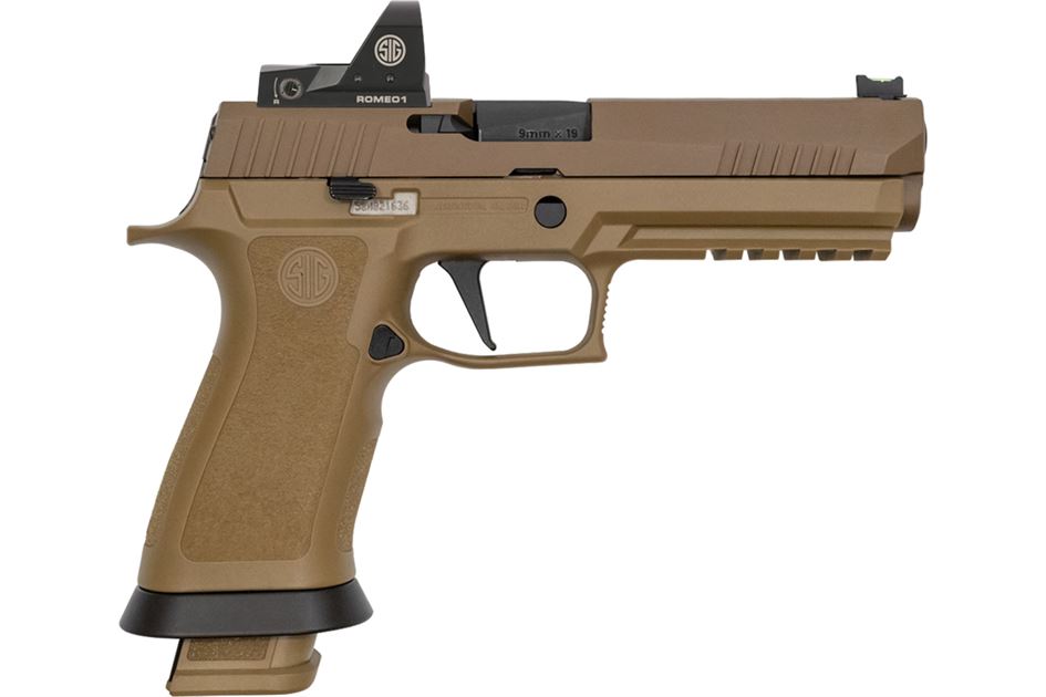 This special edition P320 X-Five features a Coyote Tan finish. The Optics Ready X-Five also features a Flat X-Series Trigger, Detachable Extended Magwell, and a Dawson Precision Fiber Optic Front Sight with Adjustable rear.
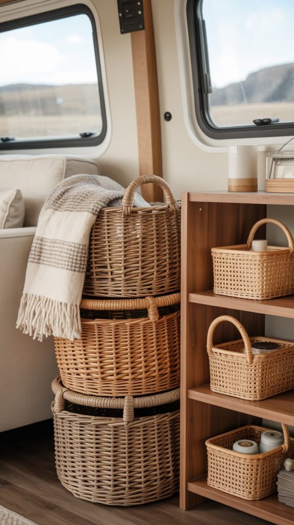 Woven elements are indispensable in achieving the French Country look. This image displays a collection of natural baskets used for clever RV storage. A large, round seagrass basket holds extra throw blankets next to the sofa. Smaller, handled baskets are organized on open shelves, containing remotes, knitting supplies, or napkins. A wide, flat wicker tray on the coffee table corrals a candle and a small vase.
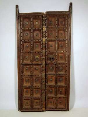 A gadrooned frame around two sectional door panels, each section decorated with a metal flower at its center, with ironwork and studs around each section.
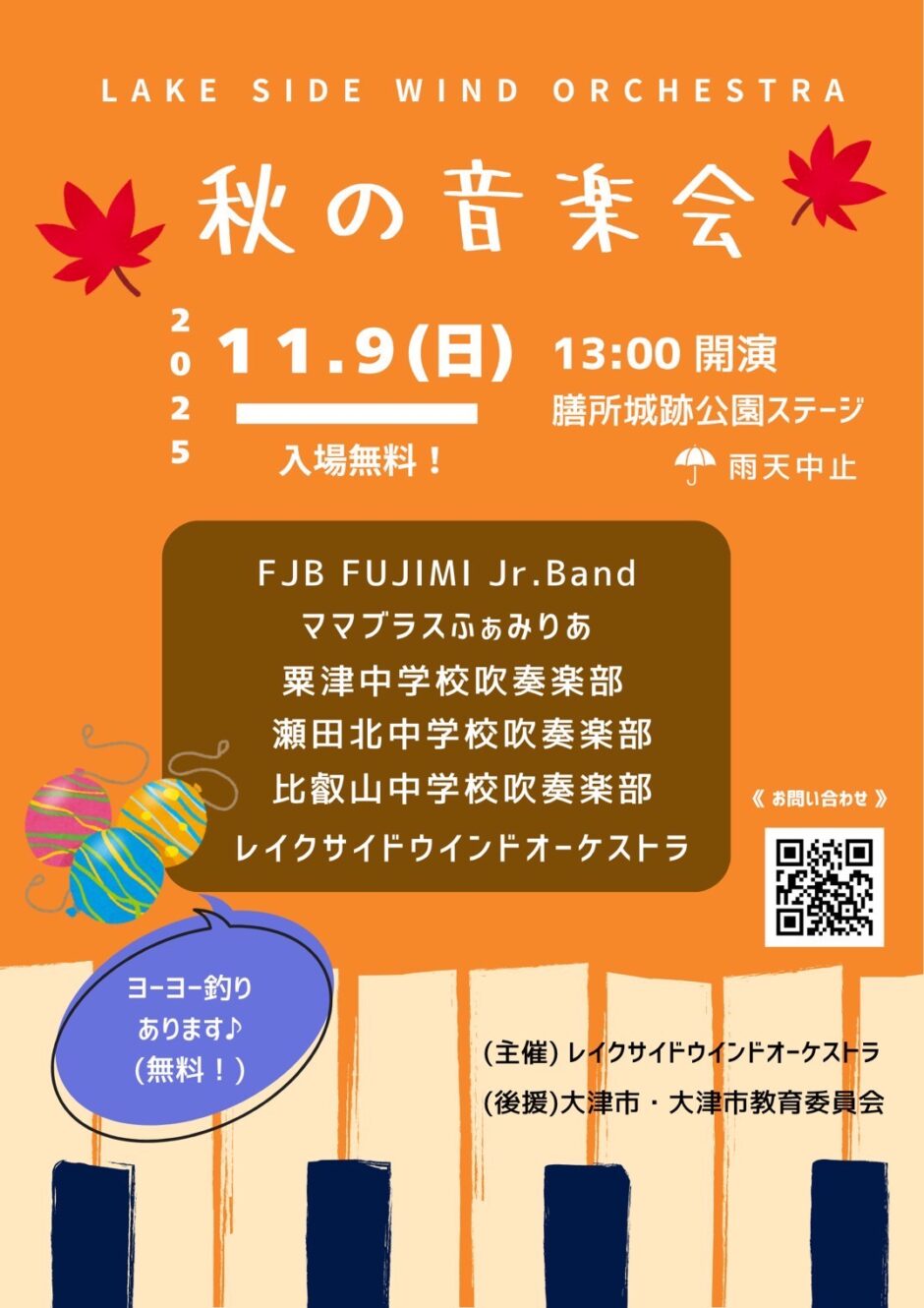 今年も、レイクサイドウインドオーケストラ主催の「秋の音楽会」の季節がやってまいりました!

____________________

**Problem description**
The listing above should be transcribed word for word, with its pictures left out.

**Output for this exercise**
 This special edition P320 X-Five features a Coyote Tan finish. The Optics Ready X-Five also features a Flat X-Series Trigger, Detachable Extended Magwell, and a Dawson Precision Fiber Optic Front Sight with Adjustable rear.
 Woven elements are indispensable in achieving the French Country look. This image displays a collection of natural baskets used for clever RV storage. A large, round seagrass basket holds extra throw blankets next to the sofa. Smaller, handled baskets are organized on open shelves, containing remotes, knitting supplies, or napkins. A wide, flat wicker tray on the coffee table corrals a candle and a small vase.
 A gadrooned frame around two sectional door panels, each section decorated with a metal flower at its center, with ironwork and studs around each section.
 今年も、レイクサイドウインドオーケストラ主催の「秋の音楽会」の季節がやってまいりました!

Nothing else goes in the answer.